> [EXERCISE AIM]: Could you transcribe every record below exactly as written, leaving out any pictures?

<<<<

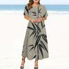 Letnia Elegancka Damska Sukienka z Okrągłym Dekoltem i Krótkim Rękawem z Drukiem Kwiatowym 3D Street Wear Codzienna Luźna Sukienka
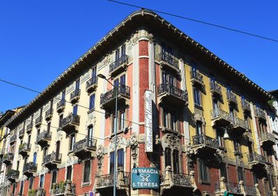 El edificio muestra cómo los ciudadanos adinerados de Milán a principios de 1900 demostraban su modernidad a través de fachadas refinadas. En la planta baja, tiendas y una farmacia invitan al uso diario, convirtiéndolo en parte de la vida cotidiana del barrio.
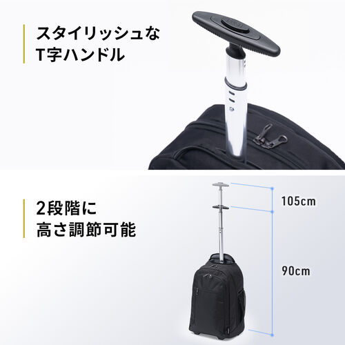 キャリーバーにはスタイリッシュなT字(1本軸)を採用。収納スペースを圧迫しにくく、軸1本分軽量なのも嬉しいポイント!2段階で高さ調節可能なため、体格やシーンに合わせて快適に使えます。
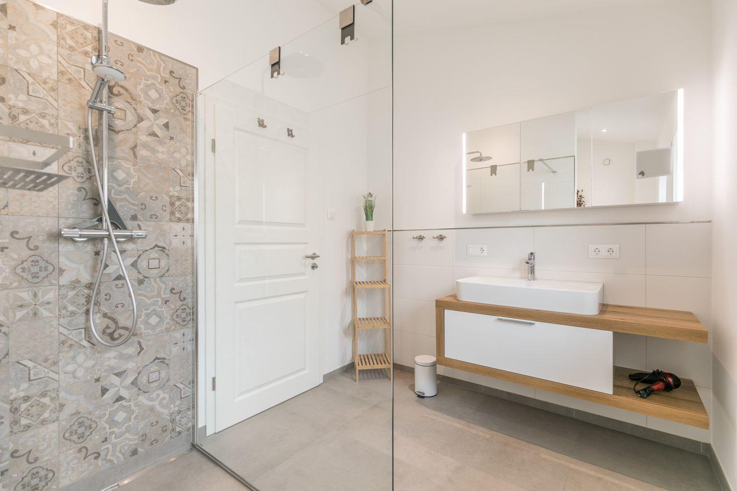Ebenerdige Dusche, WC, Waschtisch, Spiegelschrank, Föhn, Regal, Fenster mit Plissee
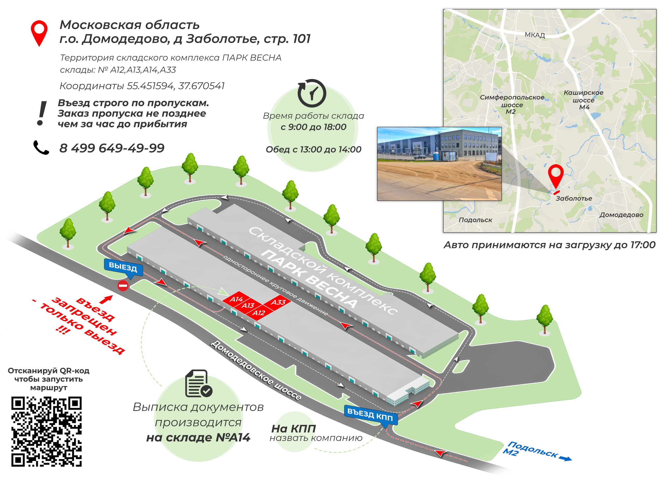 Адрес склада: М.О., г.о. Домодедово, д. Заболотье, стр.101
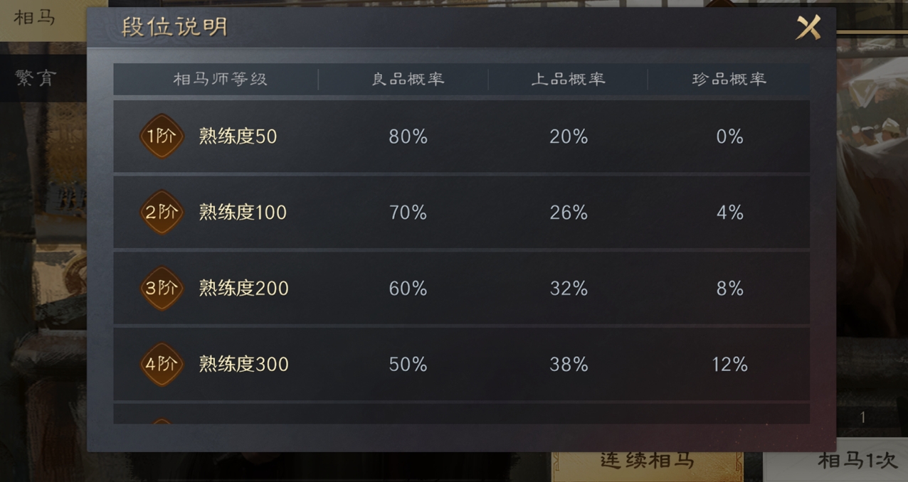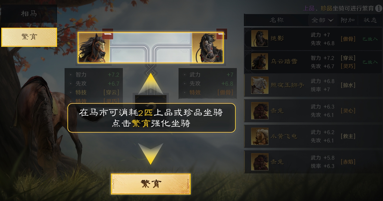 坐骑的培养其实主要也是通过繁殖来进行,繁殖是当下游戏中提升坐骑能力的唯一方法,玩家要在马市消耗两匹上品或珍品级别的坐骑来进行繁殖,如此就能够有机会得到新的技能或效果,能够让大家更好的去提升坐骑的品质,而繁殖出的坐骑有可能会提高基础属性,并有机会出现新的特殊技能以及效果。

>>>>

> [WRITTEN RESPONSE]:
 Letnia Elegancka Damska Sukienka z Okrągłym Dekoltem i Krótkim Rękawem z Drukiem Kwiatowym 3D Street Wear Codzienna Luźna Sukienka
 El edificio muestra cómo los ciudadanos adinerados de Milán a principios de 1900 demostraban su modernidad a través de fachadas refinadas. En la planta baja, tiendas y una farmacia invitan al uso diario, convirtiéndolo en parte de la vida cotidiana del barrio.
 キャリーバーにはスタイリッシュなT字(1本軸)を採用。収納スペースを圧迫しにくく、軸1本分軽量なのも嬉しいポイント!2段階で高さ調節可能なため、体格やシーンに合わせて快適に使えます。
Ebenerdige Dusche, WC, Waschtisch, Spiegelschrank, Föhn, Regal, Fenster mit Plissee
 Адрес склада: М.О., г.о. Домодедово, д. Заболотье, стр.101
 坐骑的培养其实主要也是通过繁殖来进行,繁殖是当下游戏中提升坐骑能力的唯一方法,玩家要在马市消耗两匹上品或珍品级别的坐骑来进行繁殖,如此就能够有机会得到新的技能或效果,能够让大家更好的去提升坐骑的品质,而繁殖出的坐骑有可能会提高基础属性,并有机会出现新的特殊技能以及效果。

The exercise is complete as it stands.